Vers une réouverture de la frontière Niger Bénin : les exigences de Niamey

Le Niger a franchi une étape décisive dans le dialogue avec son voisin en fixant, ce samedi 20 juin, ses exigences pour la réouverture de la frontière avec le Bénin. Fermé depuis près de trois ans, ce passage stratégique fait l’objet de tractations intenses entre Niamey et Cotonou afin de restaurer la fluidité des échanges au sein de l’Afrique subsaharienne.

Niger : Niamey pose des conditions à la réouverture de la frontière avec le Bénin

Des garanties sécuritaires au cœur des discussions

Lors d’une réunion tenue à Cotonou avec un comité d’experts, le général Mohamed Toumba, ministre nigérien de l’Intérieur, a conditionné la levée des barrières à la signature de deux documents majeurs : un accord de défense et un pacte de sécurité. L’objectif affiché par Niamey est d’instaurer un principe intangible de non-utilisation du territoire de l’un des États contre l’autre, renforçant ainsi la coopération africaine.

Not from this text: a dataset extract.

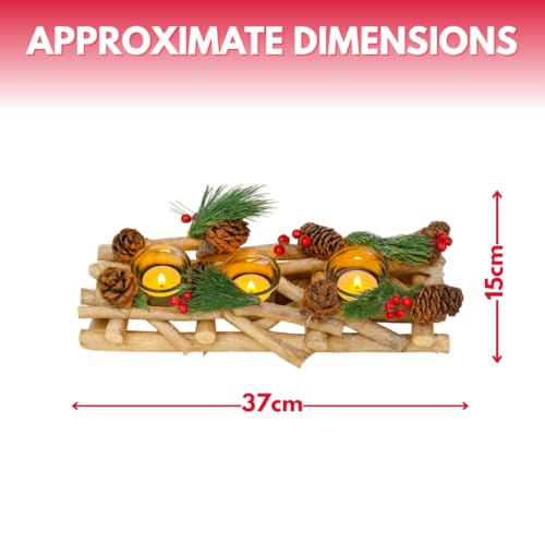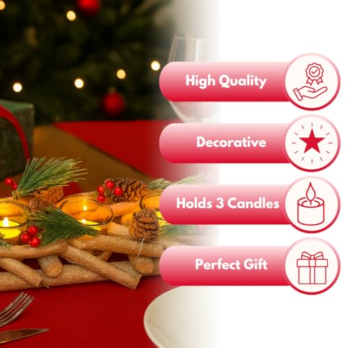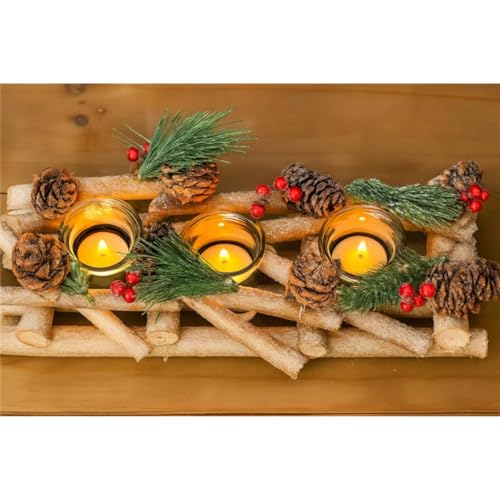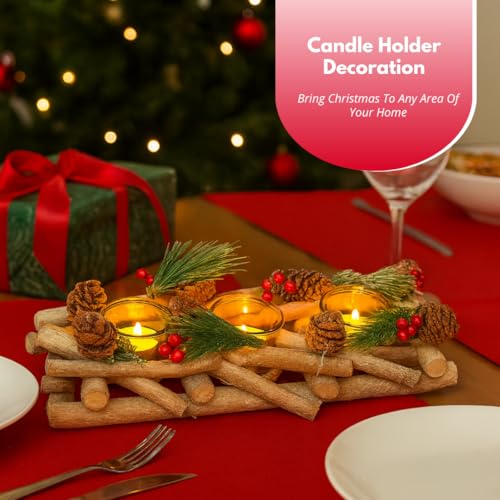 Décorations de Noël pommes de pin et baies, bougeoir, décorations d’intérieur pour la maison, centre de table de Noël, ensemble de dîner, lumière de cuisine, décorations de table

Le général Toumba a également insisté sur la nécessité d’une « transparence totale » concernant la présence de dispositifs militaires étrangers à proximité de la frontière naturelle formée par le fleuve Niger. Cette demande fait écho aux tensions passées, les autorités nigériennes ayant régulièrement soupçonné le Bénin d’abriter des installations militaires françaises, des allégations que les autorités béninoises ont toujours formellement démenties.

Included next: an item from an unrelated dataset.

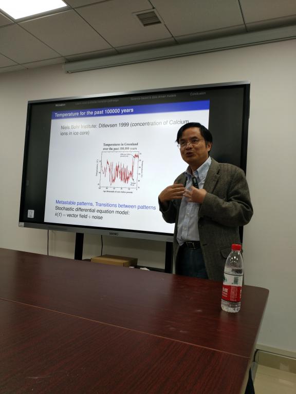 作为 ggjav 校庆67周年学术交流周名家论坛嘉宾同时作为“数理论坛”第114期嘉宾,段金桥教授做了一场“数据科学碰上动力系统:我们可以学到什么?”的精彩报告。段金桥教授首先从基因随机表达的现象和数据出发进入主题,然后介绍了大气科学以及全球温度变化的模式和数据,进一步引出了随机微分方程及其在地球科学问题中的应用,特别针对非高斯噪声体系,结合一个双稳态模型详细阐述了如何从数据出发进行模型的学习和优化,并寻找最大可能迁移轨道。段金桥教授的报告将数据科学和不确定性及非线性动力系统问题紧密联系在一起,并总结了若干地球科学、生命科学问题研究中的数学挑战。报告加深了大家对于应用数学的认识,启发了听众对于数据科学新的思考。

Un processus de normalisation en marche

La situation frontalière s’était crispée suite aux événements de juillet 2023, lorsque l’arrivée au pouvoir d’un régime militaire au Niger avait entraîné une rupture des relations, Niamey craignant des tentatives de déstabilisation orchestrées depuis le sol béninois. Cependant, un vent de décrispation semble souffler sur l’information africaine depuis la visite au Niger du président béninois Romuald Wadagni au début du mois de juin.

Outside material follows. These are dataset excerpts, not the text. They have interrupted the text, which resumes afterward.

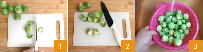 Pour réaliser les choux de Bruxelles gratinés, commencez par nettoyer les choux en éliminant le trognon avec un couteau 1 et en retirant les feuilles abîmées 2. Rincez-les sous l'eau froide 3 et séchez-les avec un torchon.
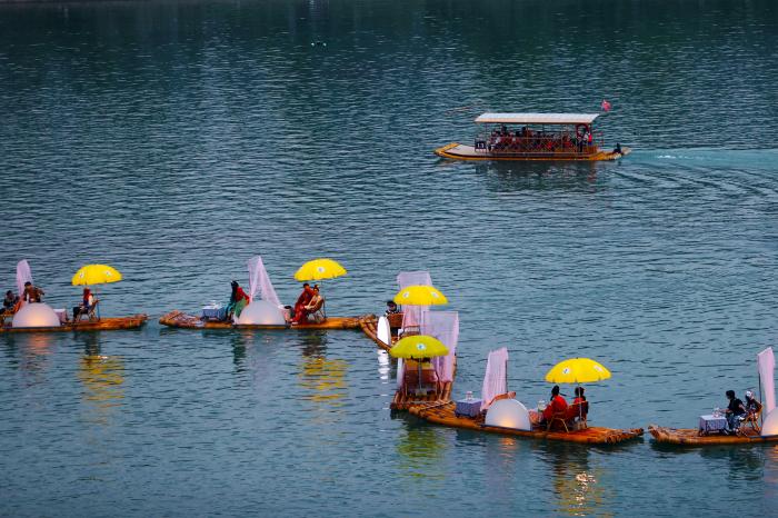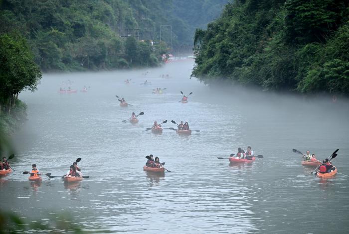 10月3日,游客在湖北省宣恩县狮子关景区的湖上戏水游玩。新华社发(宋文摄)
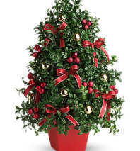 Make them merry with this sweet bouquet! Red carnations and white carnations are beautifully presented in our bright red glass cube

Face à la menace persistante des groupes armés terroristes affiliés à Al-Qaïda et à l’État islamique, l’unité des peuples africains devient une nécessité stratégique. Dans cette optique, le ministre nigérien a proposé la création opérationnelle d’une cellule bilatérale de fusion de renseignements. Cette structure permettrait aux armées des deux nations de coordonner leurs efforts et de cesser de lutter isolément contre un ennemi qui ignore les délimitations géographiques.